_Your task_
Once the line with "为提高学生纪律观念、安全意识" is found in the entries below, repeat that line and every one after it exactly, ending at the last.

_Data for review_
________________________________________
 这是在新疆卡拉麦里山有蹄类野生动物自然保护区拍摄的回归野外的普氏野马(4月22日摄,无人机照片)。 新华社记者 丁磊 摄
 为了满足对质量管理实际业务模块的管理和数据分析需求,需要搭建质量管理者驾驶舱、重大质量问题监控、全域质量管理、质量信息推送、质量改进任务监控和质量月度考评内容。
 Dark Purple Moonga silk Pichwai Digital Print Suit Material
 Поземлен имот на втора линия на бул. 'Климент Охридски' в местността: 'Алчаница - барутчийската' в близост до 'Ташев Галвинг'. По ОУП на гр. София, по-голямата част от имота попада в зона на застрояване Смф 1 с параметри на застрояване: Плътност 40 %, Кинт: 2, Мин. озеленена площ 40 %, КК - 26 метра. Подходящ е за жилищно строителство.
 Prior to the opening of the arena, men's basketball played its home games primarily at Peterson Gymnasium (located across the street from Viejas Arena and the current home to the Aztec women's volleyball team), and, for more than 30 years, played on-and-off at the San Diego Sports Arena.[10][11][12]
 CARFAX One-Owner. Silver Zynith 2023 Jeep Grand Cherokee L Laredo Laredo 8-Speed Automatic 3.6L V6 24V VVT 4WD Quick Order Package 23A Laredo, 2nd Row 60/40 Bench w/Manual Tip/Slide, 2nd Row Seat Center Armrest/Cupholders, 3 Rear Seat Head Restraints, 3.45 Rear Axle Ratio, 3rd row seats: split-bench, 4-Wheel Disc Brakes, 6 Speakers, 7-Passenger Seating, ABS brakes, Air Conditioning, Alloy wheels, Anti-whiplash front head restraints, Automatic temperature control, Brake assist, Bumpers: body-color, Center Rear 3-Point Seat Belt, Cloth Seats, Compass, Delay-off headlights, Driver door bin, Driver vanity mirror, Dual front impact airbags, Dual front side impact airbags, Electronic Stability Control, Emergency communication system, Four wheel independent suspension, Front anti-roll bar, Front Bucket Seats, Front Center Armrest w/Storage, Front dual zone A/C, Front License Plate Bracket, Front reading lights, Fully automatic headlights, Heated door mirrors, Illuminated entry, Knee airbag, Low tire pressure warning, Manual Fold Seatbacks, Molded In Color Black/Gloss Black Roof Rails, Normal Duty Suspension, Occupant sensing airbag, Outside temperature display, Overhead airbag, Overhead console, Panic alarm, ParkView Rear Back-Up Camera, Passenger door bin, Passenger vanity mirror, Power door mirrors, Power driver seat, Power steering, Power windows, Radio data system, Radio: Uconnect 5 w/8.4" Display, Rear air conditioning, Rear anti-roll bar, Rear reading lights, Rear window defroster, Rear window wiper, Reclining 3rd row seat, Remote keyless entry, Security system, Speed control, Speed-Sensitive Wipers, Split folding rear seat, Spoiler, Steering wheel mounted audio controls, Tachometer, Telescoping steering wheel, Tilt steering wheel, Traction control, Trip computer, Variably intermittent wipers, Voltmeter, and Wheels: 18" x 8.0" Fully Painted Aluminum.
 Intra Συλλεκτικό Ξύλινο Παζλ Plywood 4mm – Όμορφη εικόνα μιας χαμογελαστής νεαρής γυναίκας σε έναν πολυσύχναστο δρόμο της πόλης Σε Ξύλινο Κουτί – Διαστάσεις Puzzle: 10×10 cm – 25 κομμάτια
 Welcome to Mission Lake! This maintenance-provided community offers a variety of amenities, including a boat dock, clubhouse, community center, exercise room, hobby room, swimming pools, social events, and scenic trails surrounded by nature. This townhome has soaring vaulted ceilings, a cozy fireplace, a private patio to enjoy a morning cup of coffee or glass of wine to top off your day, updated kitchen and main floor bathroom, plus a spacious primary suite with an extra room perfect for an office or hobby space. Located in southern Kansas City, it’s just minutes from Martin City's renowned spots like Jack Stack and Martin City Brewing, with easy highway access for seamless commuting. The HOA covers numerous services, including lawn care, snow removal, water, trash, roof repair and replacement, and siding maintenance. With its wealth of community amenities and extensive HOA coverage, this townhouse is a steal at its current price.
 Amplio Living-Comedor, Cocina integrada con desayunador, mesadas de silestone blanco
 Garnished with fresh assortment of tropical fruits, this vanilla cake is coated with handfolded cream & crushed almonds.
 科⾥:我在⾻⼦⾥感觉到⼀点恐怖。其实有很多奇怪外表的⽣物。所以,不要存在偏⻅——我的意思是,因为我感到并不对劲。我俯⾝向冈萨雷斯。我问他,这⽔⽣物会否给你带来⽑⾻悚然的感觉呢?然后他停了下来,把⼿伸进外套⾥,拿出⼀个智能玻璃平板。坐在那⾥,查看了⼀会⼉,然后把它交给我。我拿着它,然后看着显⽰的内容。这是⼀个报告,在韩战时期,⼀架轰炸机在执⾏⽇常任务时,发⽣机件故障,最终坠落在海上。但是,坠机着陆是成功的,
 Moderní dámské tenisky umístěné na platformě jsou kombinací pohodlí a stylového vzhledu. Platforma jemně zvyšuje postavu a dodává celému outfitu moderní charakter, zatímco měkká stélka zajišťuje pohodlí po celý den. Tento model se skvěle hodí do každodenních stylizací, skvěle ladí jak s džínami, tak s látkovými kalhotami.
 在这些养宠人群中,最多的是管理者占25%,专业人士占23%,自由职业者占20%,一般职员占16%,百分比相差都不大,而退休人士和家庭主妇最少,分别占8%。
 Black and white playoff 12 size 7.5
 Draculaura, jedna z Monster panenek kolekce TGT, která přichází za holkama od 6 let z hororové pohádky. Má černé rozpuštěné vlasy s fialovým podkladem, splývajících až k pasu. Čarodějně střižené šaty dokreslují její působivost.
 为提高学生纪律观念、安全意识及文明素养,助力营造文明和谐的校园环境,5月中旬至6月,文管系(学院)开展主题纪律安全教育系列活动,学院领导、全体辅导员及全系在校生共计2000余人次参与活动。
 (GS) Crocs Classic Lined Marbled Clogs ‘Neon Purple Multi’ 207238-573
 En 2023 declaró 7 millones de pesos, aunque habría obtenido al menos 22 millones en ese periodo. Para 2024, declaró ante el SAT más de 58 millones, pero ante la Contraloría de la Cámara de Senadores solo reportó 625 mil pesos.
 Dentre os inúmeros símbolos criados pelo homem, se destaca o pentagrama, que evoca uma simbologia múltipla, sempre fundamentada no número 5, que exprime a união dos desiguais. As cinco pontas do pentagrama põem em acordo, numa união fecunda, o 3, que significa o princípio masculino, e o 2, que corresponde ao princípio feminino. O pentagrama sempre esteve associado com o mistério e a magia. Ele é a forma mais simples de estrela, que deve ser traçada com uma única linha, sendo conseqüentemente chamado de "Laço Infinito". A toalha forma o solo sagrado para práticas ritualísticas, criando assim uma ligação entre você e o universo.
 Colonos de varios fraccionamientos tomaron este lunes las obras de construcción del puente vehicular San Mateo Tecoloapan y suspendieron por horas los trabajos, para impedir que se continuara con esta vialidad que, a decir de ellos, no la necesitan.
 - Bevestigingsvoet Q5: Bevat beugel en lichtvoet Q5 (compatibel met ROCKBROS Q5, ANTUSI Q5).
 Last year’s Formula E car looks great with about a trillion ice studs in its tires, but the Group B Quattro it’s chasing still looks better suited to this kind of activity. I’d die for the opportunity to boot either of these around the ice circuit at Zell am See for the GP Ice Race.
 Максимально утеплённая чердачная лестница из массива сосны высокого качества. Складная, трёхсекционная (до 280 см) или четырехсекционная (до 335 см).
________________________________________
_Result of this exercise_
 为提高学生纪律观念、安全意识及文明素养,助力营造文明和谐的校园环境,5月中旬至6月,文管系(学院)开展主题纪律安全教育系列活动,学院领导、全体辅导员及全系在校生共计2000余人次参与活动。
 (GS) Crocs Classic Lined Marbled Clogs ‘Neon Purple Multi’ 207238-573
 En 2023 declaró 7 millones de pesos, aunque habría obtenido al menos 22 millones en ese periodo. Para 2024, declaró ante el SAT más de 58 millones, pero ante la Contraloría de la Cámara de Senadores solo reportó 625 mil pesos.
 Dentre os inúmeros símbolos criados pelo homem, se destaca o pentagrama, que evoca uma simbologia múltipla, sempre fundamentada no número 5, que exprime a união dos desiguais. As cinco pontas do pentagrama põem em acordo, numa união fecunda, o 3, que significa o princípio masculino, e o 2, que corresponde ao princípio feminino. O pentagrama sempre esteve associado com o mistério e a magia. Ele é a forma mais simples de estrela, que deve ser traçada com uma única linha, sendo conseqüentemente chamado de "Laço Infinito". A toalha forma o solo sagrado para práticas ritualísticas, criando assim uma ligação entre você e o universo.
 Colonos de varios fraccionamientos tomaron este lunes las obras de construcción del puente vehicular San Mateo Tecoloapan y suspendieron por horas los trabajos, para impedir que se continuara con esta vialidad que, a decir de ellos, no la necesitan.
 - Bevestigingsvoet Q5: Bevat beugel en lichtvoet Q5 (compatibel met ROCKBROS Q5, ANTUSI Q5).
 Last year’s Formula E car looks great with about a trillion ice studs in its tires, but the Group B Quattro it’s chasing still looks better suited to this kind of activity. I’d die for the opportunity to boot either of these around the ice circuit at Zell am See for the GP Ice Race.
 Максимально утеплённая чердачная лестница из массива сосны высокого качества. Складная, трёхсекционная (до 280 см) или четырехсекционная (до 335 см).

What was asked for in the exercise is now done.